Abbiamo persino perso il valore di questi termini: oggi condividere significa mettere una foto su face book e taggarci gli amici, partecipare significa andare a un evento diffuso sui social network, apprezzare vuol dire mettere un “mi piace” su una frase scritta su uno schermo, fare amicizia, che era qualcosa che avveniva in maniera graduale, con un po’di diffidenza, curiosità, entusiasmo, eccitazione, timidezza, complicità, solidarietà ecc.., ora si riduce molto spesso alla quantità di “amici” che riusciamo a mostrare sulla nostra bacheca e a quanti click ci fanno sui nostri post. Che ne è stato dei veri rapporti umani, che ne è stato del nostro linguaggio – buona pace al povero Nanni che invano si è sgolato per farci capire che “Le parole sono importanti!!” – della nostra stessa intimità, del nostro stesso spazio interiore, che ora di interiore non ha più nulla, ma è diventato solo spazio da affollare il più possibile invitando amici a guardarlo, a condividerlo, ad apprezzarlo o criticarlo, a commentarlo, a ripostarlo, a fotoshopparlo!
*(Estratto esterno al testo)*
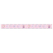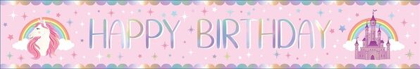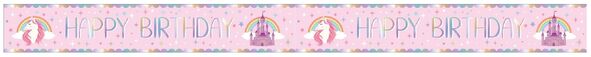 Featuring a pink background, sparkling iridsescent silver 'Happy Birthday' wording and edging and lovely castle & unicorn decals, the banner measures approx. 174 cm long x 15cm wide. The whole design is repeated twice along the length.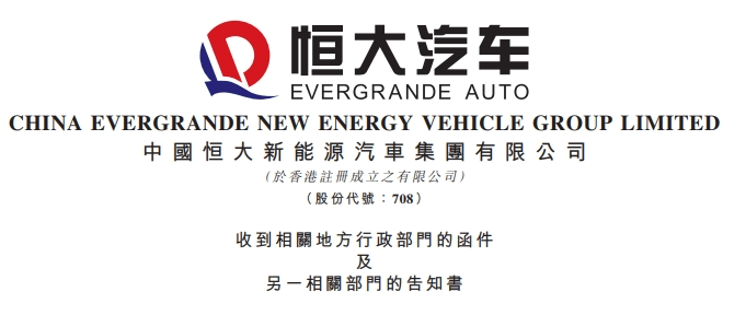 6月11日晚间,恒大汽车发布公告称,相关附属公司于近日收到相关地方行政部门进一步下发的行政处理决定书(简称“行政决定书”)以及另一份“告知书”。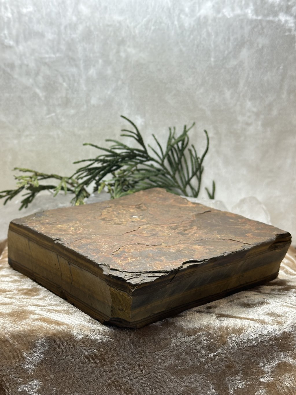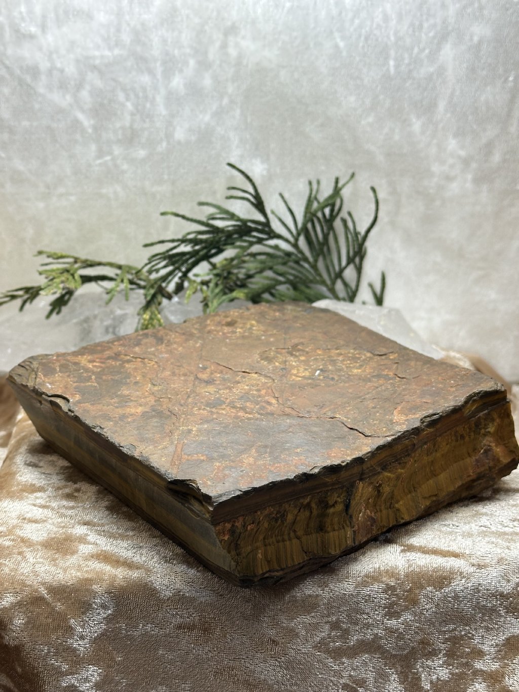 Unikátní kus! Tygří oko z naleziště Prieska (provincie Northern Cape, Jihoafrická republika). Rozměry: 13 x 13 x 3,3 cm, váha: 1,58 kg.
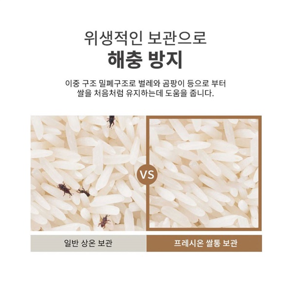 이중 실리콘 구조의 원터치 대용량 쌀통 보관함!

Il nostro spazio interiore è la nostra bacheca, la ricerca di una privacy ha lasciato il posto alla ricerca di notorietà, di pubblicità, i nostri segreti devono esser sulla bocca di tutto, i nostri rapporti lasciati svolazzare ai quattro venti, dobbiamo mostrarci sempre e comunque e se quello che mostriamo è solo la nostra immagine e non la nostra essenza, è il fenomeno e non il noumeno per dirla con Kant, poco importa, perché probabilmente, ormai tra le due cose il confine è diventato così labile che non si sa più se l’immagine è anche l’essenza o se la nostra essenza sia solo una vuota immagine, o, tanto per ingarbugliarci con le parole, come amava fare Derrida con qualche suo ermetismo un po’ sofistico, per quanto abilissimo, se l’immagine è immagine di immagine e non di essenza genuina e reale... E si potrebbe continuare così: quale realtà, immagine della realtà, o piuttosto e più probabilmente, realtà dell’immagine, che forse è l’unica cosa che oggi sembra così reale e quasi tangibile?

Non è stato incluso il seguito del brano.